Ильин не ожидал такого перехода:

— Почему же он твой?

— Но ведь это наш НИИ!

— Экспериментальный цех…

— Да, конечно, с этим Калачиком я почти и не знакома. И все-таки это наш НИИ…

— Я отлично понимаю, что все это тебе больно и неприятно. Но нельзя же так переживать. У нас в прошлом году, ну не в самой конторе, а на периферии, тоже вскрыли одну историю…

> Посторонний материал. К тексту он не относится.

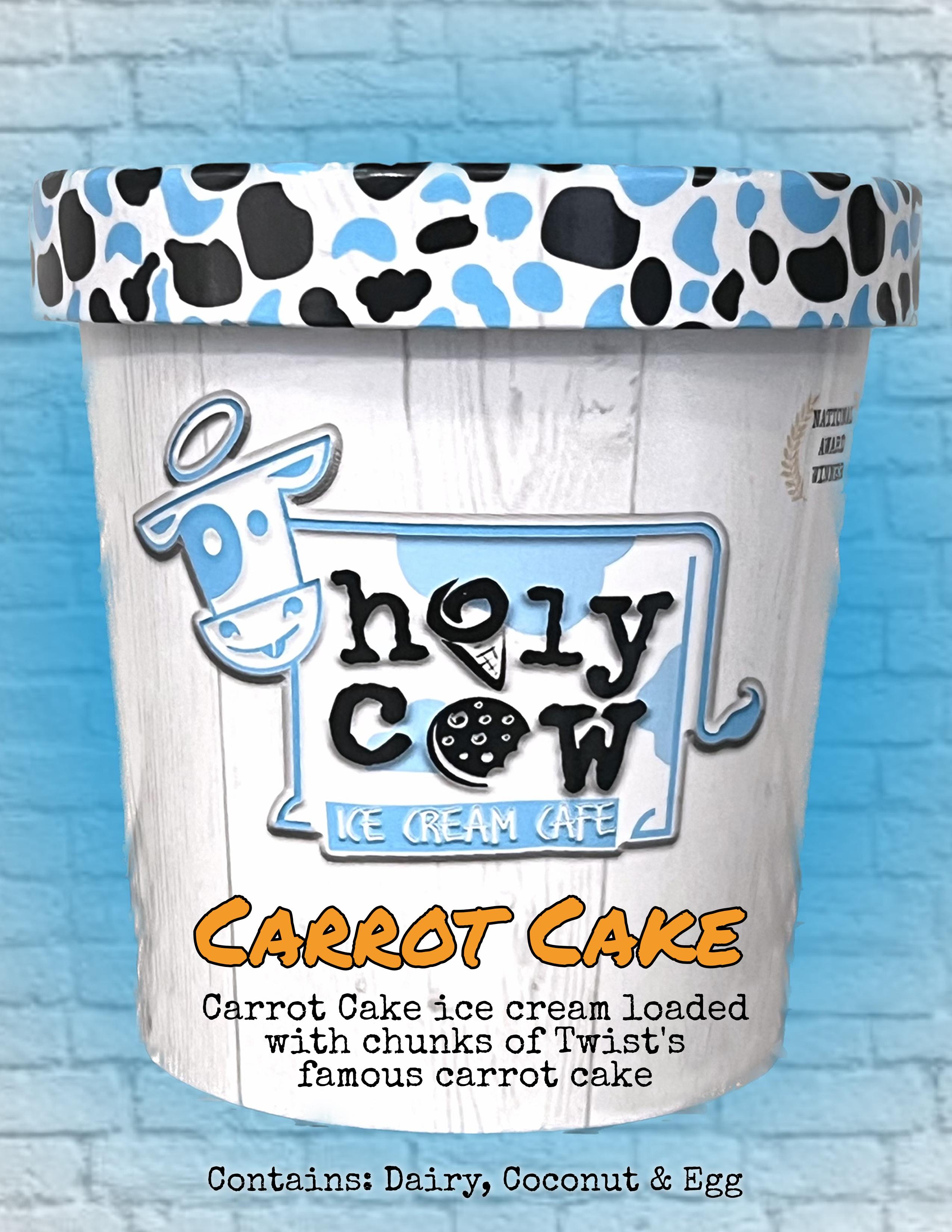 Carrot Cake ice cream loaded with chunks of Twist's famous carrot cake Contains: Dairy, Coconut & Egg
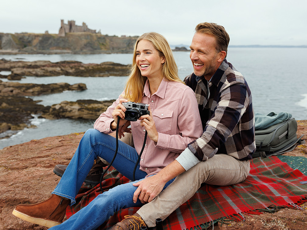 Our reversible heavy-weight twill features plaid on one side and stripe on the other.
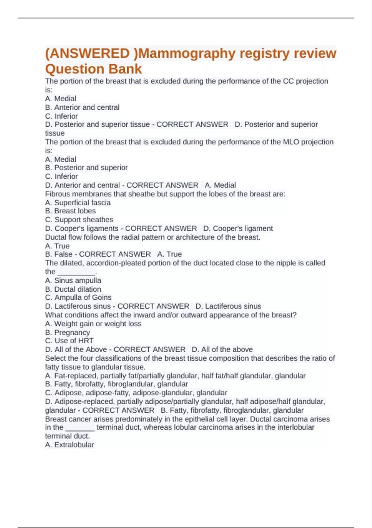 glandular - CORRECT ANSWER B. Fatty, fibrofatty, fibroglandular, glandular

— Как всегда, все разложил по полочкам: «Больно и неприятно…» Кругло́, Женя, кругло́. Здесь больно, — сказала она, ткнув себя в грудь тощеньким кулачком.

Помолчали. Ильин боялся продолжать этот разговор. Он видел, что Люся раздражена, и думал, что, наверное, это он ее раздражает, его здоровый и самодовольный вид, гладко выбритое лицо и запах одеколона, которым час назад его опрыскал парикмахер. «Но в чем же я виноват! — думал Ильин. — Неужели же только в том, что у меня гладкая розовая кожа? Да, я ее раздражаю, но уходить сейчас нельзя, потому что это будет для нее еще хуже».

— Все-таки попробуй понять, — сказала Люся уже своим обычным тоном, который Саша в шутку называл «руководящим». — Допустим, Калачик жулик, похоже, что ведомости были липовыми. Но Сторицын!

Уже был звонок, посетители зашевелились, в сумки и портфели шли пустые банки из-под компота, бутылочки и всякая мелочь. Девушка, которая только что так страшно кашляла, улыбалась и просила принести в следующий раз новые стихи Окуджавы, такая маленькая тетрадочка в столе, второй ящик слева.

— Я тебя умоляю — не думай о делах служебных, — сказал Ильин. — Смотри, соседка твоя уже улыбается…

— Да мы все здесь такие, — сказала Люся. — Сегодня улыбаемся, а завтра… И все-таки я еще кое-что тебе скажу. Но Сашке — ни слова. А передашь, тоже невелика беда. Вчера у меня был Сторицын.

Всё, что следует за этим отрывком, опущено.